In this month’s feature article, Michael Knights illuminates the nexus between Iraq’s oil sector and the Iran threat network. He writes: “The Iran threat network suffered grievous blows in Lebanon, Syria, Gaza, and Iran itself in 2024, and this has arguably made oil-rich Iraq even more important to the network. Facing renewed maximum pressure from the United States, Iran needs not only Iraq’s terrorist fundraising potential but also its value as a ‘laundromat’ through which Iranian energy products can be fraudulently relabeled as Iraqi exports. Using their control of the al-Sudani government, Iran-backed terrorist groups and militias are developing significant new strands of threat financing using Iraq’s oil sector, which combine to provide billions of dollars of illicit value each year. Iraq is thus emerging as Iran’s best bet for neutering the Trump administration’s renewed maximum pressure campaign.” He notes that “U.S.-designated foreign terrorist organizations are no longer content to steal oil, only to have smuggling businessmen realize most of the profits. Instead, terrorist organizations have muscled into this value-addition segment of the oil market in recent years, with AAH [Asaib Ahl al-Haq] and KH [Kataib Hezbollah] leading the pack.”

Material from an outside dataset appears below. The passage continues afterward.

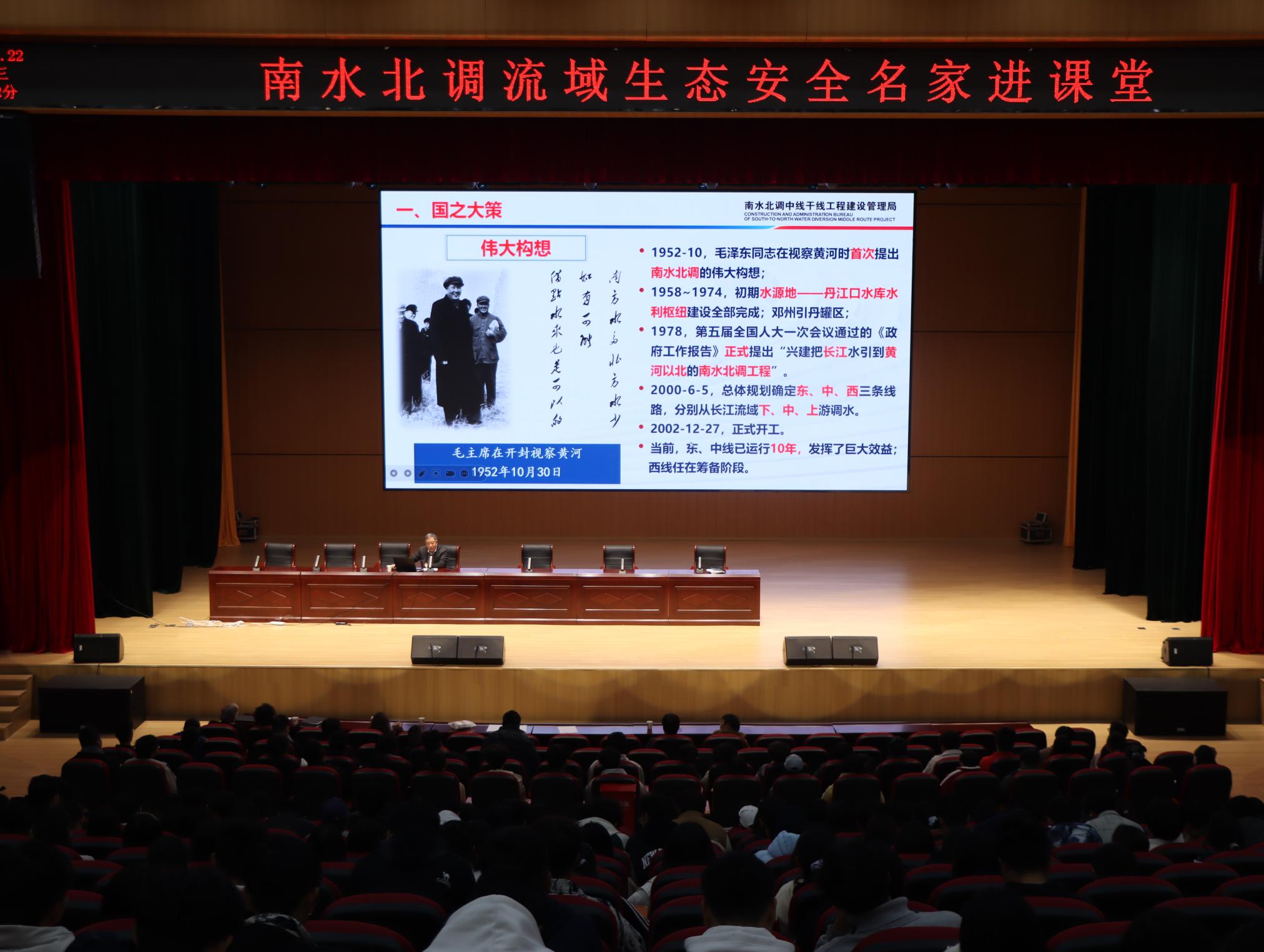 刘宪亮教授以《南水北调 国之重器》为题,从国家水安全战略维度系统阐释了南水北调工程的重大意义,引导学生树立以国家需求为导向的学习观和价值观。

Our interview is with Charlie Winter, the co-founder and chief research officer of ExTrac AI, an AI-assisted intelligence platform that identifies, maps, and forecasts geopolitical risk, including in the counterterrorism space. He states: “Our USP pivots around accessing, ingesting, and processing high-relevance publicly available information and data from hard-to-reach parts of the internet that reflects the online and offline activities and psychological operations of various non-state and state threat actors. And through our platform, which is both a web and mobile app, we provide both access to that data and the ability to generate insight from it rapidly—and we do that using a range of different kinds of automation, machine learning, [and] artificial intelligence.” He adds: “We essentially have built our system to let machines do what they do best and let human analysts do what they do best, and enable the analysts to spend a lot more time performing the highest-value tasks in the intelligence cycle.”

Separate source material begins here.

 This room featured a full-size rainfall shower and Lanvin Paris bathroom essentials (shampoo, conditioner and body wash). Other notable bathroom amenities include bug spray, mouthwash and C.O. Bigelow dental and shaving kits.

Ayush Verma, Imtiaz Baloch, and Riccardo Valle examine the Baloch insurgency in Pakistan. They write: “The Baloch insurgency in Pakistan has intensified sharply since the beginning of 2025, marked by sophisticated attacks such as the Jaffar Express hijacking by Baloch Liberation Army-Jeeyand faction (BLA-J) on March 11, 2025, which resulted in the kidnapping of more than 400 passengers and death of at least 26 hostages. Groups like BLA-J, Balochistan Liberation Front (BLF), and Baloch Liberation Army-Azad faction (BLA-A) continue to deploy suicide bombers, including women, and temporarily seize territories, targeting Chinese nationals and China-Pakistan Economic Corridor (CPEC) projects. The insurgency’s regional spillover, especially into Iran, and competition for resources and prominence among factions of the insurgency further complicate Pakistan’s internal security.” They add: “Without a political resolution addressing long-standing grievances, the insurgency threatens to escalate, destabilizing both national and regional security.”